Presumably, the people there have, or had, bought into all that nonsense UKIP had spouted about not being like ‘LibLabCon’, and having some alternative economic views. This has led a lot of their prospective supporters to imagine that they were somehow a centrist party. I’ve even reblogged material from the Angry Yorkshireman, that showed that most of their members were almost as left-wing as Labour regarding nationalisation and state intervention.

Except that the party isn’t. It’s been described as ‘the Tories on steroids’. They are even more committed to deregulation and privatisation, including the NHS, as the Tories. They are also very firmly in favour of destroying the remaining shreds of the welfare state and basic workers’ rights like sick pay, paid maternity leave and paid holidays.
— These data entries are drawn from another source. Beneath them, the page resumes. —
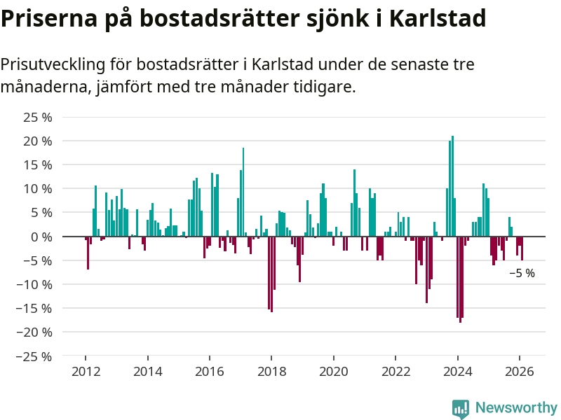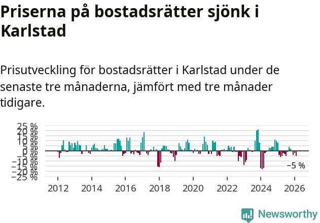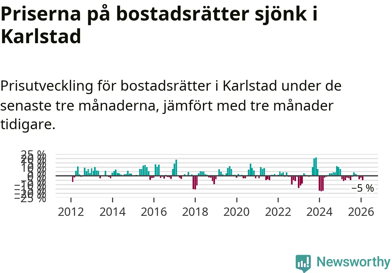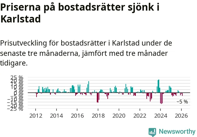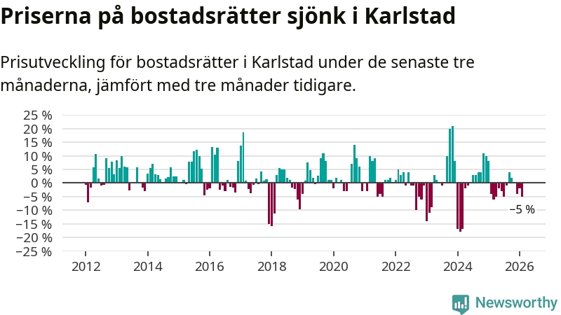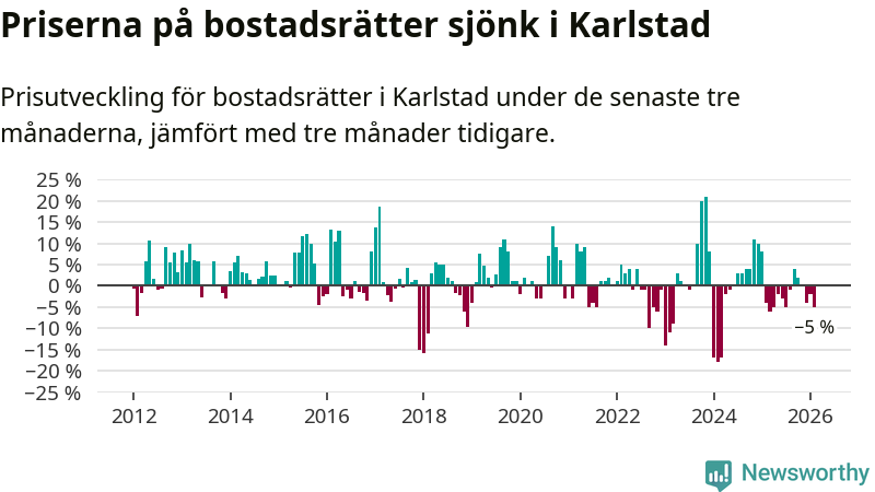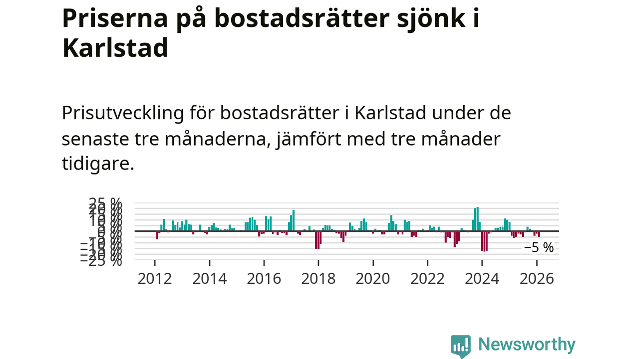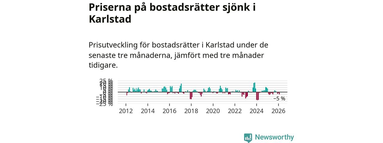 Priserna på bostadsrätter har gått ner i Karlstads kommun. Medelpriset på försäljningarna under de senaste tre månaderna visar på en nedgång med 5 procent.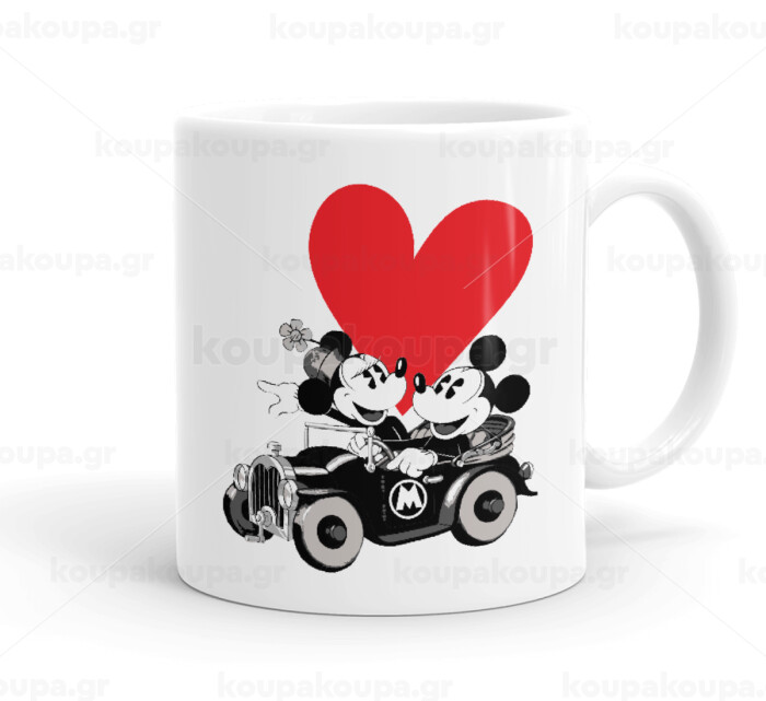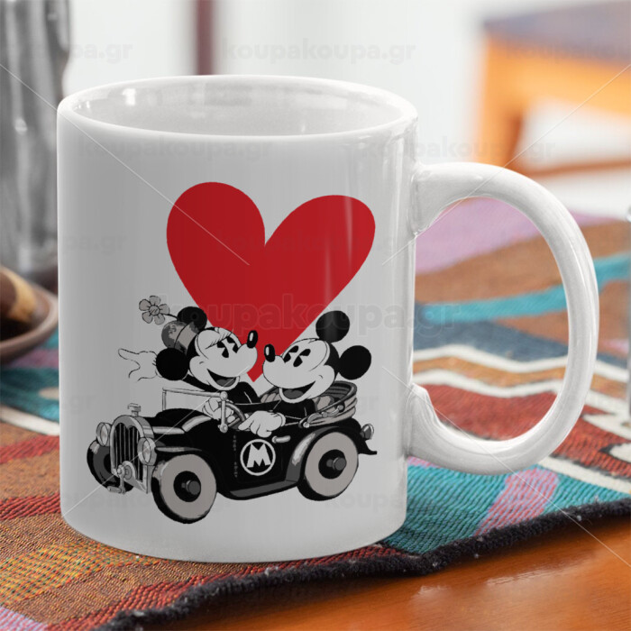 Mickey & Minnie love car, Κούπα, κεραμική, 330ml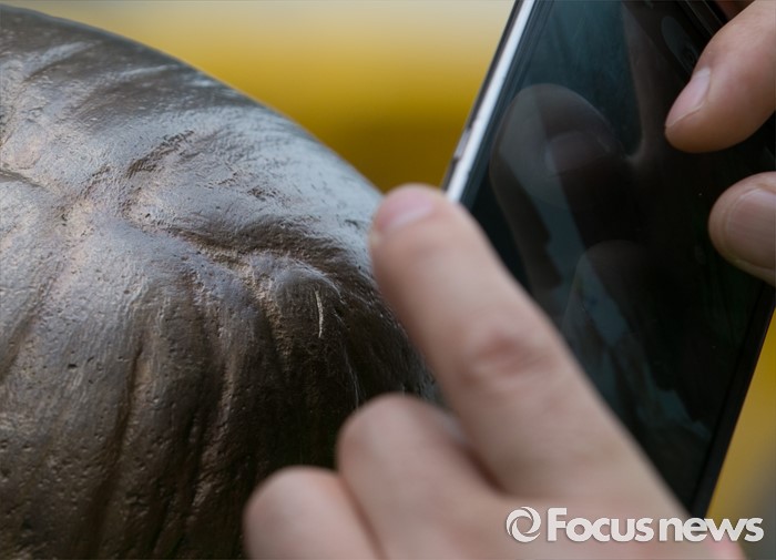 (서울=포커스뉴스) 3일 오후 서울 종로구 구 일본대사관 앞에서 농성 중인 한일 위안부 합의 폐기 및 소녀상 철거 반대 대학생행동 관계자들이 소녀상을 촬영하고 있다. 종로경찰서는 이날 낮 12시30분께 소녀상의 머리 부분을 약 40cm 길이의 망치로 수차례 내려친 A(33)씨를 현행범으로 체포해 조사하고 있다고 전했다.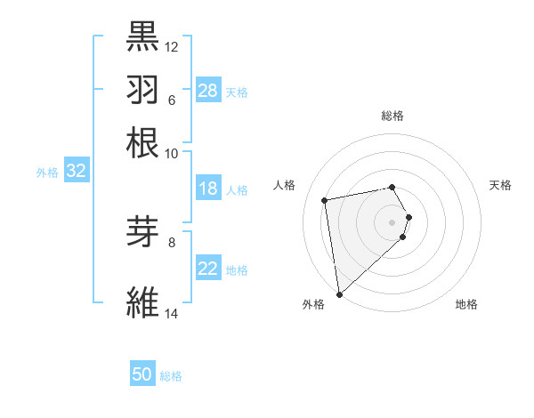 黒羽根 芽維さんを姓名の画数から五運を鑑定

As for international relations, while they object to immigration and the EU, they have no objection to international agreements like the TTIP, which would be used to lock in the privatisation of the NHS, and allow big business to sue national governments if they pass legislation harming their profits.

Like Veolia did a few years ago when they used a similar trade agreement to sue the Egyptian government, when it raised the minimum wage for its people.

The Kippers don’t represent the workers, and they don’t represent the small businesspeople, who would lose trade if we were taken out of European Union. Any trade we did then, would have to go through the tariff barriers intended to stop the EU being flooded with cheaper produce from elsewhere in the world. Which would then also mean us.

No, the Kippers stand solely for big business, as well as racial bigotry, Islamophobia, anti-feminism and a bitter hatred of gays. And the people of Bristol are very well aware of it. I was talking to one of my uncles today about the election, and he described Farage as ‘that Britain for the Whites guy.’

Exactly. And Michael Frost’s comments bear out this image of racial hatred and intolerance. Bristol is a large, multicultural city, and hopefully the Kippers and their intolerance will not find much support on Thursday. Frost’s comments show you why they, and not asylum seekers, should be kept out.